PROBLEM DETAILS: Below are lines of records; copy exactly those from the one containing "Jackan är i" through the one containing "نساء فلسطينيات ينقشن", leaving the pictures behind.

INPUT RECORDS:
>>>

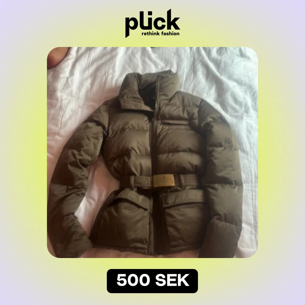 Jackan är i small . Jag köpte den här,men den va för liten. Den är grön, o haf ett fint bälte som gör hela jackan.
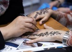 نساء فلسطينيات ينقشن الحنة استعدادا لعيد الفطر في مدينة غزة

<<<
>>>

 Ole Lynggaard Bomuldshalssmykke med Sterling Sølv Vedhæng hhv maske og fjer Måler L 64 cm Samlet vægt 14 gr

<<<

FINAL ANSWER:
 Jackan är i small . Jag köpte den här,men den va för liten. Den är grön, o haf ett fint bälte som gör hela jackan.
 نساء فلسطينيات ينقشن الحنة استعدادا لعيد الفطر في مدينة غزة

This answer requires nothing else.